World War I ended a hundred years ago. The four-year global conflict ended on November 11, 2018 after more than 10 million soldiers died – exactly 74,187 of these were Indians. (1) Thrown into a meat grinder by Europe’s barbaric leaders such as Winston Churchill, they died for nothing. But here’s the difference. While the rest of the world unfailingly honours its war dead every year, India continues to ignore its brave soldiers who fell in alien lands far from home.

The collective amnesia is striking because India’s contribution to the Allied victory in the war was vital.

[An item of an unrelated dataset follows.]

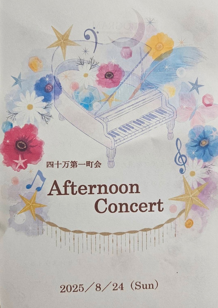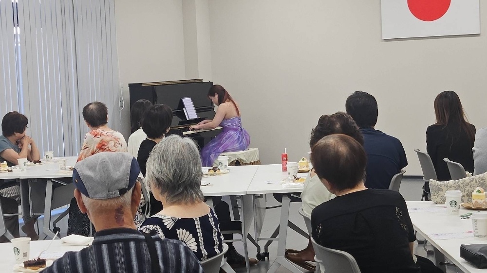【アフタヌーンコンサート】8月24日 四十万公民館にて 【未夢先生】地域のアフタヌーンコンサートにて演奏しました。1時間にわたるトーク&演奏を、みなさんはケーキを食べながら、笑いも交えて楽しんでいただきました。最後は、全員の手拍子の中、トルコ行進曲~ジャズversion~/ファジル・サイで、会場が盛り上がりました。アンコールの手拍子も止まらない大変盛り上がったコンサートになりました🎵皆さま、ありがとうございました!

The war mobilisation in the subcontinent in terms of men and material was several orders of magnitude greater than the contributions made by other nations. And yet it rarely gets a mention – home or away.

India recruited over 1.4 million men and sent more than 1.3 million of them overseas to fight for the British Empire between 1914 and 1918, saving Britain and her allies from an ignominious defeat, says a report by the Times of India. (2)

According to the report, “When Great Britain declared war on Germany on August 4, 1914 it had only about 150,000 combat-ready troops. It could commit only a little over 80,000 troops to the Western Front in the initial days of the war. In comparison, France had an army of 1,290,000 while Germany had an even bigger army of 1,900,000. The only professional standing army that Britain could bank upon in that crisis was the Indian Army. Britain would use this imperial reserve to the fullest throughout the war, and Indian troops would become the first fighting non-white colonial soldiers in Europe ever.”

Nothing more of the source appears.